Ulasan One Piece Live-Action Episode 5 & 6

Benji
11 min readSep 12, 2023

--

[Artikel sebelumnya: Ulasan OPLA Episode 3 & 4]

Kesan sebelum — bahkan sesudah — menonton (dari orang-orang internet): tak sedikit fans lama yang mengeluhkan tingginya alokasi untuk penceritaan Garpkobymeppo (terlalu side-by-side). Biasanya diikuti dengan keluhan/saran, bahwa baiknya porsi tersebut digunakan untuk mengeksplorasi Usopp (pada dua episode sebelumnya) dan Sanji pada dua episode ini.

Itu pendapat yang bisa saja akurat, bila kau mengabaikan Garp dan Koby yang kini berstatus sebagai main characters dalam main plot bayangan — layaknya banyak serial TV lain hari-hari ini. Dalam canon, One Piece mulanya belum disertai penulisan macam itu. Satu plot saja yang berjalan linear mengikuti Luffy cs. belum tentu punya impak yang sama bagi audiens TV show. Pengubahan macam ini juga berbeda dengan pengubahan kisah Klahadore pada dua episode sebelumnya, yang lebih kentara plus-minusnya.

Satu(-satunya) yang bisa diukur ialah seberapa krusialnya penulisan untuk Garpkobymeppo saban mereka muncul — yang lagi-lagi berbeda-beda bagi setiap orang. Karena untuk saya, setelah pengubahan lain lagi [Krieg], porsi atau screentime untuk Sanji pada dua episode ini sudah cukup..

..sekalipun ia tidak terlihat sekurus-keringkeng ini

Yang pasti, ada excitement setiap menjelang episode terbaru serial ini. Dengar, sebagai anggota fans klub Gaimon (anggotanya tidak banyak, salah satunya Eiichiro Oda sendiri), saya bahkan tidak komplain akan absennya sang animal defender. Apalagi bila penulisan serialnya tetap koheren dan mampu menangkap esensi One Piece — seperti episode kelima dan keenam arahan sutradara Tim Southam ini.
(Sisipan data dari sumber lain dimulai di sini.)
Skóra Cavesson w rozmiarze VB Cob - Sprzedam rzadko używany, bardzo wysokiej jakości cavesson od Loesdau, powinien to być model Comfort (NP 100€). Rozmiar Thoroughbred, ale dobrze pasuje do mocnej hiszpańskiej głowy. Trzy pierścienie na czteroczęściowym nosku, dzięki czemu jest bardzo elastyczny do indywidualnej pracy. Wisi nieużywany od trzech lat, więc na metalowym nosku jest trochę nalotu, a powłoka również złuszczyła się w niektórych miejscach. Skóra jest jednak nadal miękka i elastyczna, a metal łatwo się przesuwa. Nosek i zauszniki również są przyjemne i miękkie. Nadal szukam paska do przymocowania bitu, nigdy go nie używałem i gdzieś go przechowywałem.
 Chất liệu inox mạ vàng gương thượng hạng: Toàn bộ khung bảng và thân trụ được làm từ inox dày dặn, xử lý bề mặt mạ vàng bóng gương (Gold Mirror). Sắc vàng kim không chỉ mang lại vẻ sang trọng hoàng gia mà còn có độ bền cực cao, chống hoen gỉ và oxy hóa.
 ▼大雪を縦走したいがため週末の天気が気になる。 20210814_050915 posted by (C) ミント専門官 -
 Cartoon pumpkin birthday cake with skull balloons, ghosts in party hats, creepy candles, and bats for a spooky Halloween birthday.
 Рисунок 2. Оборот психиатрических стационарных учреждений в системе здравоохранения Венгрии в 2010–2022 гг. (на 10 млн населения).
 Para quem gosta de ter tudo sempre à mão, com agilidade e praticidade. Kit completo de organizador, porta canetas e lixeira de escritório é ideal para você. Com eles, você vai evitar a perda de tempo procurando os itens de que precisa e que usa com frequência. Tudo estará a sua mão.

Episode 5 — Eat at Baratie!

Episode dimulai dengan baik: kekacauan mengendalikan kapal baru. Poin yang tepat untuk menampilkan para amatiran (atau newbie) ini di awal pelayaran mereka.

Lalu diikuti hal-hal yang baru terjadi setelah 400an chapter manga-nya yang langsung ditarik ke dalam serial ini. Tadinya juga saya hendak membahas soal perubahan karakteristik Garp. Kebanggaan tersiratnya pada Luffy saat ngakak di kapal bisa jadi terlihat ‘maniacal’ bagi para penonton baru. Lebih-lebih, Garp kini jadi ‘kurang gokil’, seakan punya sense of justice yang berbeda, yang lebih kompromis ketimbang Koby, jadi Garp yang — nggak jadi deng, usai melihat konklusi pada episode finale.
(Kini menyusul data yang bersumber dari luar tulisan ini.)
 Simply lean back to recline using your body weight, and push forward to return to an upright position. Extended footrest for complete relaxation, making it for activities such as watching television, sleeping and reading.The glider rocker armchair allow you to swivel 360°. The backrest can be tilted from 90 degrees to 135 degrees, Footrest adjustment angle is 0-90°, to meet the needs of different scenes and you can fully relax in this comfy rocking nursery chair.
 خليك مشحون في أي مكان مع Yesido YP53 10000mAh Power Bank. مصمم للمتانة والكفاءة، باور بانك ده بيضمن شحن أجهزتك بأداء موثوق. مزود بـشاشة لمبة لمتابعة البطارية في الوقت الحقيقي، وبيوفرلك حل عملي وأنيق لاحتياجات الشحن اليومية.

Barangkali memang ada porsi Garpkobymeppo yang bisa dikurangi. Namun sejauh yang saya tangkap, seringkali ketiganya digunakan untuk menjelaskan cara kerja dunia yang ini kepada audiens baru. Helmeppo menjelaskan sistem warlord (atau shichibukai, ekuivalen privateers di semesta One Piece) kepada Koby yang tak tahu apa-apa. Sementara Garp selaku penyampai bagaimana dunia bekerja (spesifiknya, korupnya Marine) kepada Koby pun jadi pilihan baik — meski juga mengesankan orang sekuat dia pun tak bisa berbuat apa-apa. Semua itu malah bikin saya justru menantikan, bakal diputer begimana lagi nih karakter sebesar Garp selepas melihat wujud anyarnya, usai menikmati akting mengesankan Vincent Regan.

Mengapa pula penjelasan dunia dan lore-nya tidak disertakan ke plot utama? Eh, Luffy tidak betul-betul peduli. Kita sudah melihatnya dari episode 1. Dia bahkan tak begitu paham apa itu Grand Line, sekalipun itu tujuan pelayaran mereka.

Salah satu kelebihan penulisan Owens dan Maeda yang paling kentara ialah menterjemahkan karakter dua dimensional dari manga-nya jadi ‘benar-benar 3D’ (lebih realistis lah). Tak hanya pada Garpkobymeppo, amplifikasi serupa bisa dirasa pada awak Straw Hats, yang juga dituangkan pada banyaknya bonding yang ditunjukkan dengan interaksi antarawak kru perompak newbie itu dalam dua episode ini.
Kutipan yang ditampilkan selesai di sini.